Women who lived within that distance to fracking operations in Pennsylvania were 25 percent more likely to give birth to low-weight infants than were mothers who lived more than two miles beyond the sites.

The five-year study of more than 1.1 million births in the state between 2004 and 2013, published Wednesday in the journal Science Advances, also found lower birth weights, although not as low, in infants whose mothers lived between half a mile and two miles from a fracking site. Beyond two miles, there was no indication of any health effect to newborns, a significant drop-off, the study said.

“I think I was surprised by the magnitude of the impact within the half-mile radius,” said Michael Greenstone, a professor and director of the Energy Policy Institute at the University of Chicago, and one of three authors of the study. There are about 4 million births per year in the United States. According to the study’s research, about 30,000 births are within half a mile of a fracking site and 100,000 are within two miles. “I don’t think that’s an insubstantial number,” Greenstone said.

Greenstone said it’s important not to read too much into the study’s conclusion. “I like to joke that there’s a little bit for everyone to hate in this paper,” he said. “There’s a big effect within one kilometer of sites, which the oil and gas industry dislikes, but the impact on the population beyond that may not be massive, which opponents of fracking won’t like.”

Reid Porter, a spokesman for the American Petroleum Institute, an advocacy group for the oil and gas industry, condemned the study, saying that while it addresses a legitimate health issue in the United States, it “fails to consider important factors like family history, parental health, lifestyle habits” and other factors that lead to low birth weight.

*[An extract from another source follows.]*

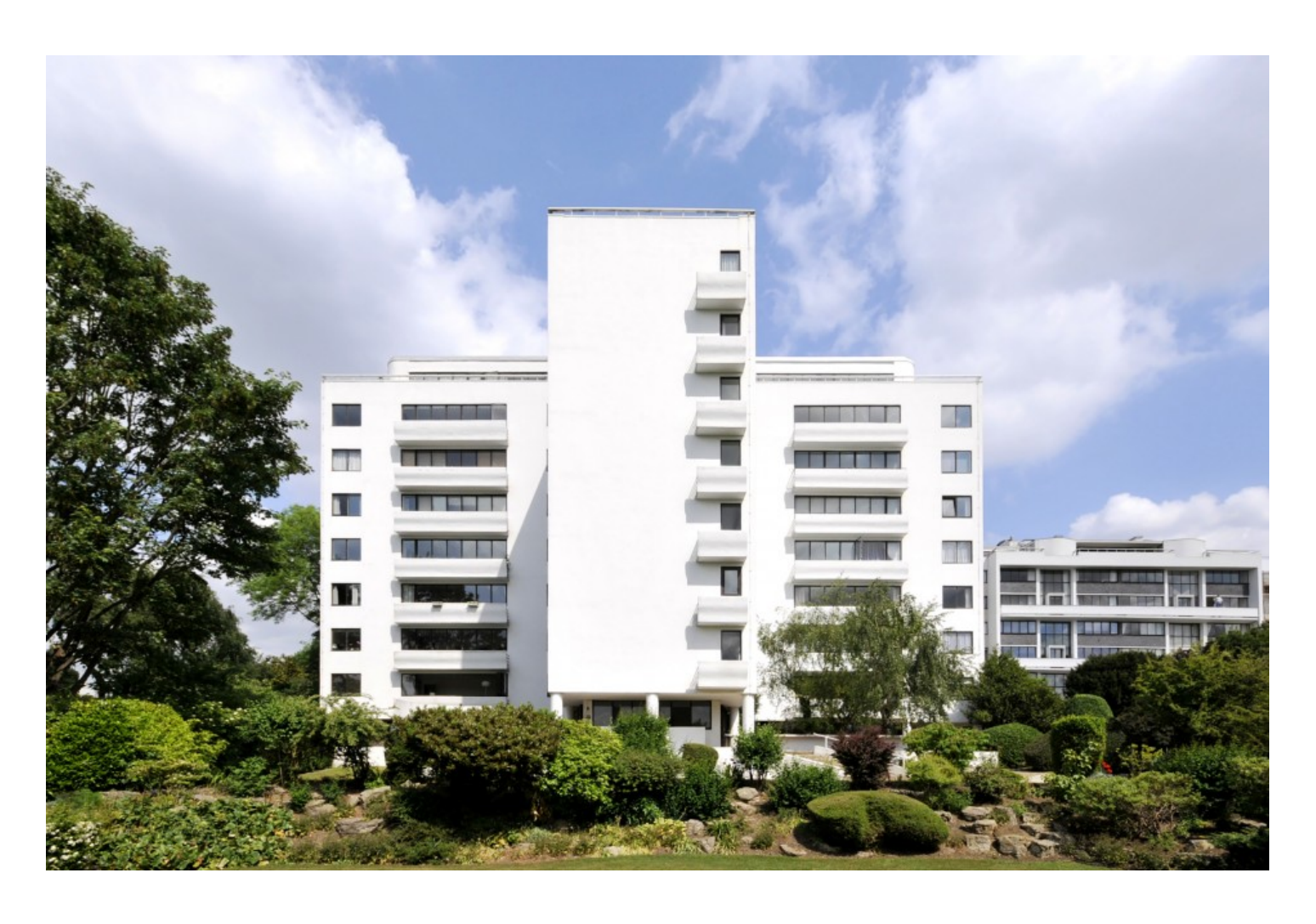
North Hill, London N6 Sold

In his emailed statement, Porter did not address why those factors might have led to underweight babies near the sites but not farther from them.

Food and Water Watch, a nonprofit environmental group, referred to the study in calling on Pennsylvania Gov. Tom Wolf (D), who wants to expand hydraulic fracturing in the state, to reverse course.

“This study adds to existing scientific literature that tells us the serious health consequences linked to fracking,” the group’s executive director, Wenonah Hauter, said in a statement. “Unfortunately, Gov. Wolf [is] encouraging news drilling and expanding fossil fuel operations. We call on him to heed the science.”

When Greenstone and his co-authors — Janet Currie, a Princeton University economics professor, and Katherine Meckel, an assistant professor of economics at the University of California at Los Angeles — embarked on the research, he said, the aim wasn’t to condemn fracking, which is a relatively new method of drilling vertically underground, then switching to a horizontal direction to reach gas trapped in shale rock formations.

The practice has come under scrutiny because of the potentially toxic chemicals used to crack the shale and the amount of water used to force out natural gas. State health officials and residents near fracking operations have complained that wastewater from fracking taints local drinking water. Companies in some cases have been forced to provide bottled drinking water for residents who relied on underground wells. A number of states, such as Maryland and New Jersey, have banned fracking.

A U.S. Geological Survey study in 2014 said pumping wastewater into deeply buried storage wells was probably why Oklahoma was experiencing more small earthquakes than California. The sites are also known to leak methane, a gas that’s up to 100 times more harmful than carbon dioxide in causing global warming in the atmosphere.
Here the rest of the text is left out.